The medium for E. coli was 2xTY (29). Media and growth of S. pneumoniae have been described (30). When required, antibiotics were added at the indicated concentrations (in μg ml⁻¹): kanamycin, 40; streptomycin, 25; dihydroampicillin, 50; chloramphenicol, 10 (E. coli) or 3 (S. pneumoniae); tetracycline-HCl, 1.

Oligonucleotides, Enzymes, and Reagents.

The sequences of the oligonucleotides in the nicking assay and for nucleotide sequence standards were (5′ to 3′): no. 6, complementary to F factors, CCCGGCCTGCAAGATCAAAGC [R1 positions 1865–1885] and primer pMV158, used with the Gram(+) plasmids, TTCATGCGTCACCTCTC [pMV158 positions 659–643]. No. 6*, AATTGCTTTGATCTTGCAGGCCGGGAGCT was used for the control template. For the molecular cloning of traI, TRAI-1, TCTCCCATGCTGCCCAGCAC and TRAI-2, GACCTGCAGAAAGAGAAAACCCTGGG were used.

Restriction endonucleases, calf intestinal phosphatase, T4 DNA ligase, and T4 polynucleotide kinase were purchased from Boehringer Mannheim. Klenow enzyme was purchased from New England Biolabs. The Thermus brockianus thermostable DNA polymerase, DyNAoyme, was obtained from Finnzymes (Espoo). Radiochemicals were purchased from NEN.

Preparation of Expression Constructions for the E. coli arcA Gene and the R1 traI Gene.

Standard recombinant DNA techniques (31) or those suggested by the manufacturers were used.

Molecular Cloning of the traI Gene of Plasmid R1-16.

An 11.3-kb Nsi fragment from R1-16 DNA, identified by hybridization to 5′ and 3′ traI probes, was ligated to linear pBluescript SK+ DNA. Partial DNA sequence of the region upstream of traI of positive clone pHP1 was obtained using primer TRAI-1 and the T7 sequencing kit (Pharmacia). These data were sufficient to identify an AsnI site 51 nt upstream of the traI start codon. A 6.1-kb AsnI fragment of pHP1, containing traI, was made blunt and subcloned to SmaI-digested pGZ119HE DNA (P_tac-lacI^q). Clone pHP2 was used for complementation of nicking in vivo.

The arcA gene of E. coli was excised from pUAA-1 (EcoRI/HindIII) and introduced to pGZ119HE DNA. Positive clones were identified by PCR amplification of the arcA gene and complementation of conjugal donor ability of E. coli 122-1 arcAΔ.

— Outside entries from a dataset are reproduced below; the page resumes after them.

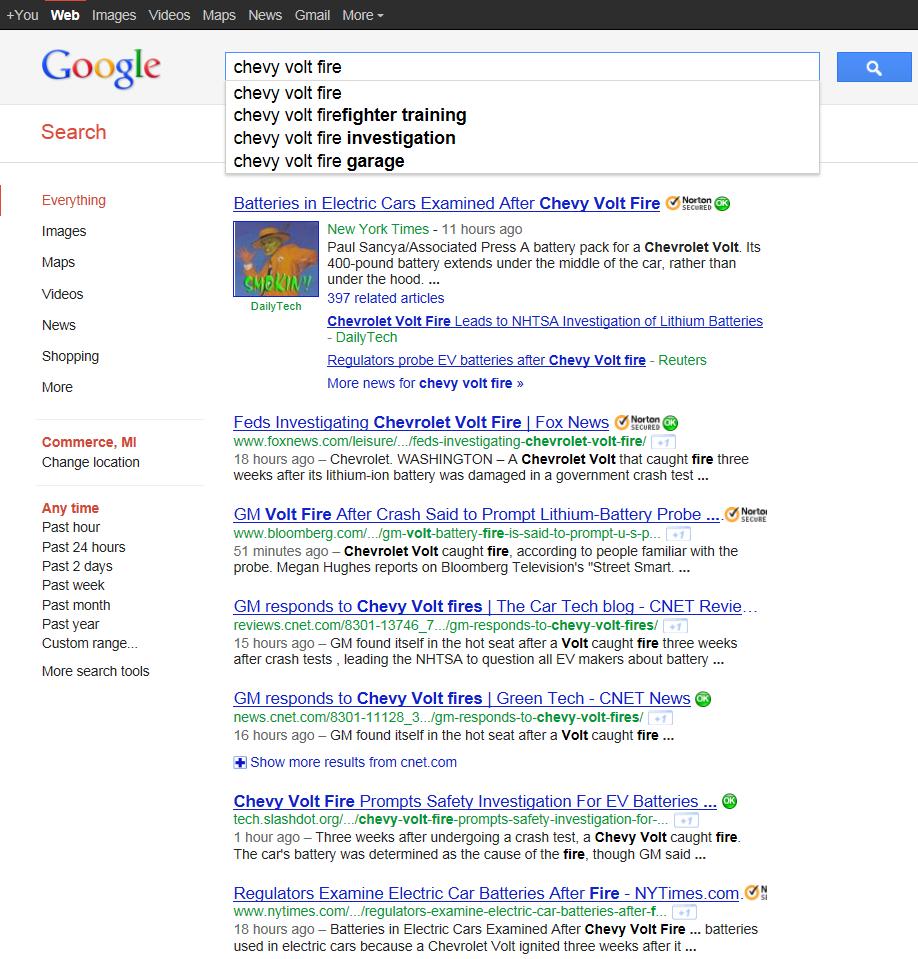 The headline that started making the rounds thru the news networks was “Chevrolet Volt catches fire after crash”. Just look at the web search below! What you have to read into the story is the Chevrolet Volt caught fire in storage more than three weeks after a government crash test. That’s right three weeks after the test. The first news report I heard completely left out that it happened three weeks after the test. So what is your first thought, the Volt was crashed and burst into flames. However that was clearly not the case. The fire prompted federal safety regulators to look at safety procedures for electric vehicles after a crash. Not to look at an electric car that burst into flames after a crash test. General Motors has responded to this incident by stating the NHTSA did not follow GM’s recommended safety protocol for a post-crash Volt.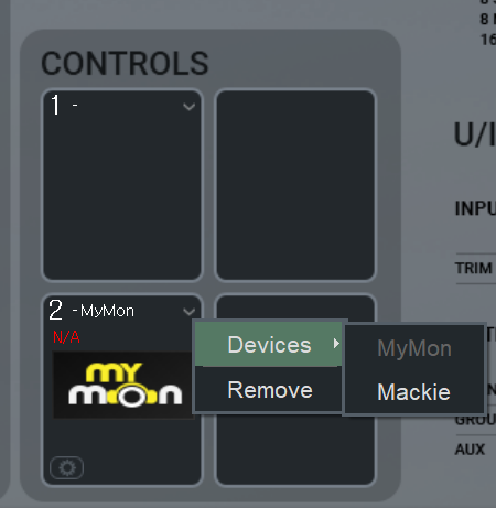 LV1 이나 SoundGrid Studio 의 Setup 에서 설정 가능하며, 아래와 같이 MyMon 모듈을 불러온다.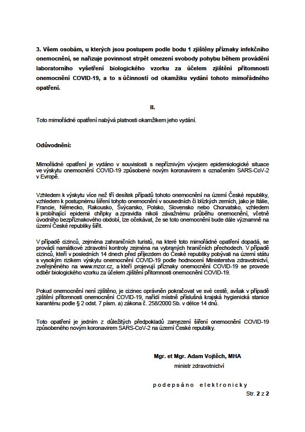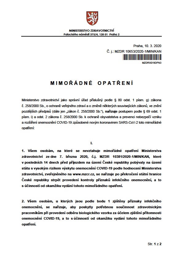 Zákaz platí od úterý 10. 3. 2020 od 18.00 hodin do odvolání.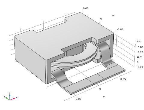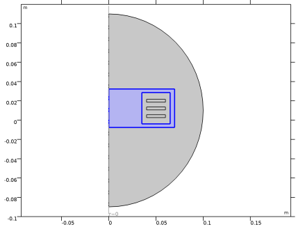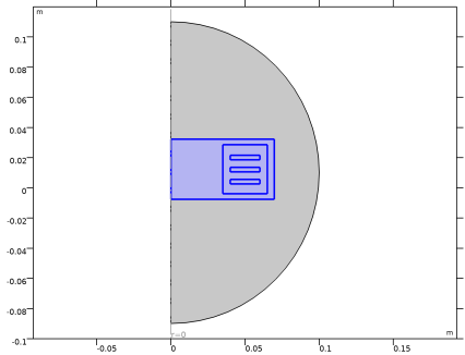 با شروع از مدل سلف سه بعدی که در کتابچه راهنمای مقدمه ماژول AC/DC توضیح داده شده است ، یک مدل متقارن محوری دو بعدی که قادر به توصیف یک سلف خود تشدید کننده است ایجاد می شود. به منظور ساخت یک مدل متقارن محوری دو بعدی معادل، یک هسته متقارن محوری موثر ترسیم شده و از ویژگی RLC Coil Group استفاده می شود.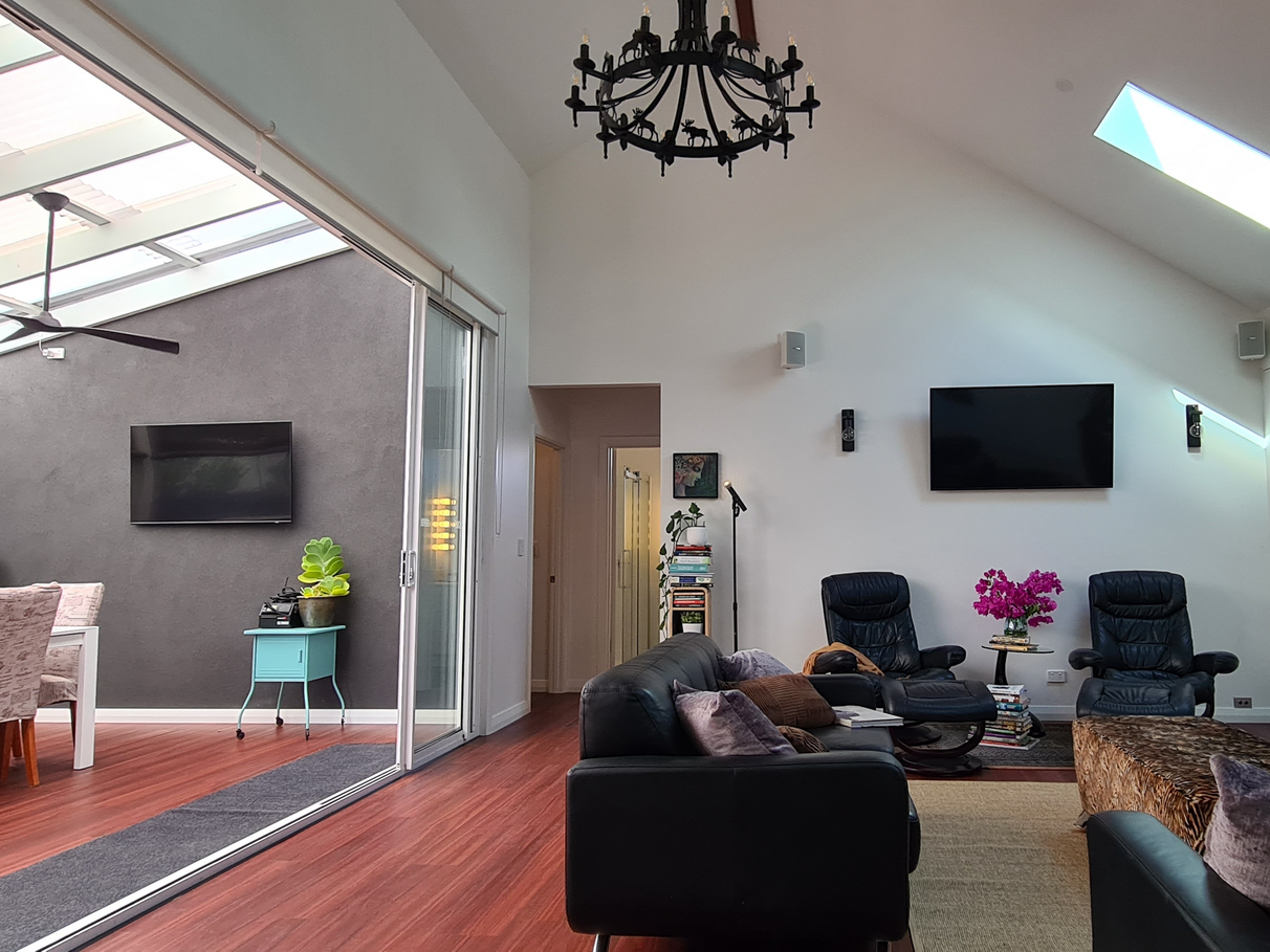 Inside, the home boasts 3m high ceilings with 3 bedrooms w built in robes, 2 bathrooms, office/foyer, walk in pantry, open kitchen dining or second lounge, a huge family room with feature stone wall and natural gas fireplace and a soaring ceiling peaking at 6m opening out to an adjoining alfresco/sunroom by 3m high, 5m wide custom glass stacker doors, copious amounts of storage and an attic.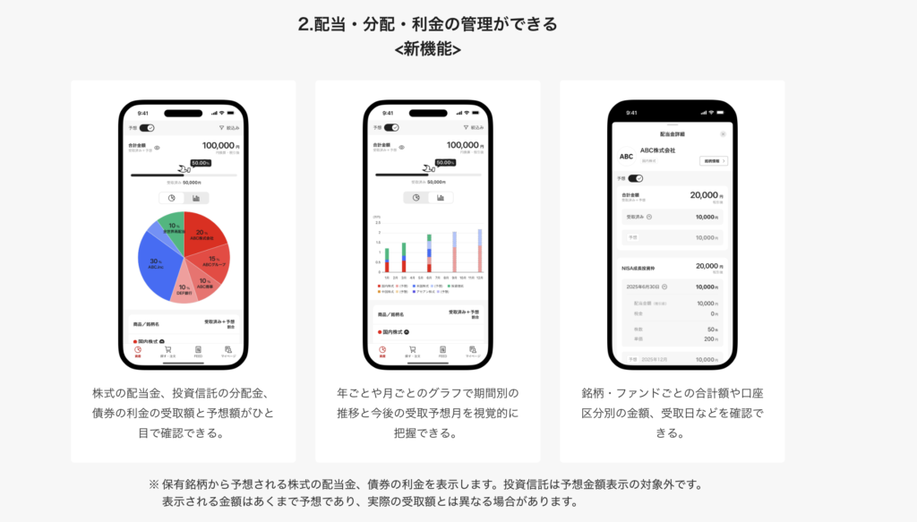 資産が増えていく様子がグラフで簡単にチェックだけでなく、株の配当金の予想額も教えてくれるよ✨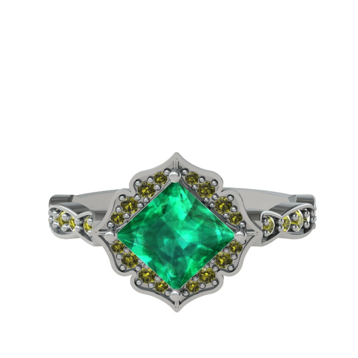 Yeşil kuvars ve peridot 8 ayar beyaz altın yüzük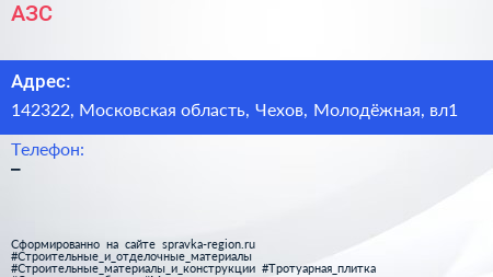 АЗС по адресу 142322, Московская область, Чехов, Молодёжная, вл1 в дальнейшем Организация, размещена в следующих категориях: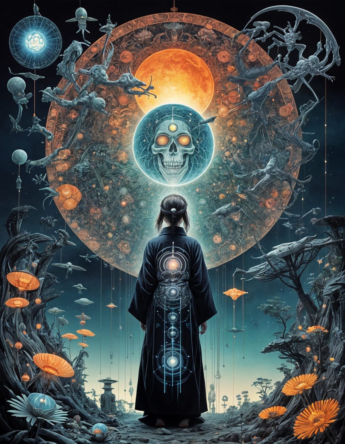 This image shows a woman in a Japanese yukata holding a glowing firefly cage. A skeleton shadow is cast against a twilight background with biomechanical and collage elements.

Preparation of the Standard DNA Template.

Oligonucleotide 6* was complementary to primer 6 and had additionally four nt at the 5′ and 3′ ends compatible with EcoRI/SacI digested vector. Hybridized oligonucleotides 6* and 6 were ligated to linear pBluescript DNA, and transformed XL1 cells were selected with dihydroampicillin and 5-bromo-4-chloro-3-indolyl β-d-galactoside. One positive clone, pHP7, was purified, linearized, and reisolated for use as a standard DNA template in the nicking assay.

Conditions for PCR Amplification and for the Runoff DNA Synthesis Assay.

E. coli donor strains for conjugation were cultured to stationary phase, then diluted 1:25 in fresh medium at 37°C. They were then grown at 37°C without shaking for one doubling (final OD₆₀₀ 0.2–0.3). A 100-fold excess of recipients over donor cells was added directly from overnight culture (ONC) to the growing donor culture. Mating cultures were incubated at 37°C without shaking for 15–30 min. Transfer was stopped by vigorous mixing for 1 min and rapid cooling to 0°C. Plasmid-plus and plasmid-free strains not subjected to mating were cultivated as described above, and harvested at a final OD₆₀₀ 0.1–0.6. In some experiments, ONCs were used directly. For PCR amplification of DNA, 1–5 μl of an ONC or a single colony resuspended in reaction buffer were used as template. For the runoff DNA synthesis assay, viable cell counts were obtained at harvest.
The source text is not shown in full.